───── RECORDS TO PROCESS ─────

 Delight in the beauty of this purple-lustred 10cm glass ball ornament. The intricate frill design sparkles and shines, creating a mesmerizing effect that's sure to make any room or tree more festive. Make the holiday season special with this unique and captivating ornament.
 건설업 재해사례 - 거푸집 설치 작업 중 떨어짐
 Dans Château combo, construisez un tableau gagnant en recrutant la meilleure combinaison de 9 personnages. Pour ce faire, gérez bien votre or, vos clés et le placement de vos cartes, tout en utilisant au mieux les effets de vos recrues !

─────
───── RECORDS TO PROCESS ─────

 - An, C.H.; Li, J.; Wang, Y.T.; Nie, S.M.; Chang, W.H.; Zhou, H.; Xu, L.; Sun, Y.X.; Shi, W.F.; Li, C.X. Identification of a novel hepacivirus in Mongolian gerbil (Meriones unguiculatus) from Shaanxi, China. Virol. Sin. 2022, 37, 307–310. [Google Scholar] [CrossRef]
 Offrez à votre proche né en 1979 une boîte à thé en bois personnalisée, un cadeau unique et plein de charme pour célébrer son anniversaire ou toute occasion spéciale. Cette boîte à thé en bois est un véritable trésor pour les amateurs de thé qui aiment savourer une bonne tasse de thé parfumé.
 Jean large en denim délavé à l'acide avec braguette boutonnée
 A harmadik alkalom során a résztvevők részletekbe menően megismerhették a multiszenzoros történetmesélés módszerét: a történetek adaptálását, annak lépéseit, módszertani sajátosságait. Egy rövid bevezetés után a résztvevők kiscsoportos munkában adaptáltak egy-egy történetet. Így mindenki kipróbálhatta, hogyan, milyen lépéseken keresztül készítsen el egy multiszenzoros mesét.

─────

— THE PROBLEM —
Repeat, exactly as they stand above, the lines from the line with "Delight in the" to the line with "Dans Château combo, construisez", both lines included.

— ANSWER TO THIS TASK —
 Delight in the beauty of this purple-lustred 10cm glass ball ornament. The intricate frill design sparkles and shines, creating a mesmerizing effect that's sure to make any room or tree more festive. Make the holiday season special with this unique and captivating ornament.
 건설업 재해사례 - 거푸집 설치 작업 중 떨어짐
 Dans Château combo, construisez un tableau gagnant en recrutant la meilleure combinaison de 9 personnages. Pour ce faire, gérez bien votre or, vos clés et le placement de vos cartes, tout en utilisant au mieux les effets de vos recrues !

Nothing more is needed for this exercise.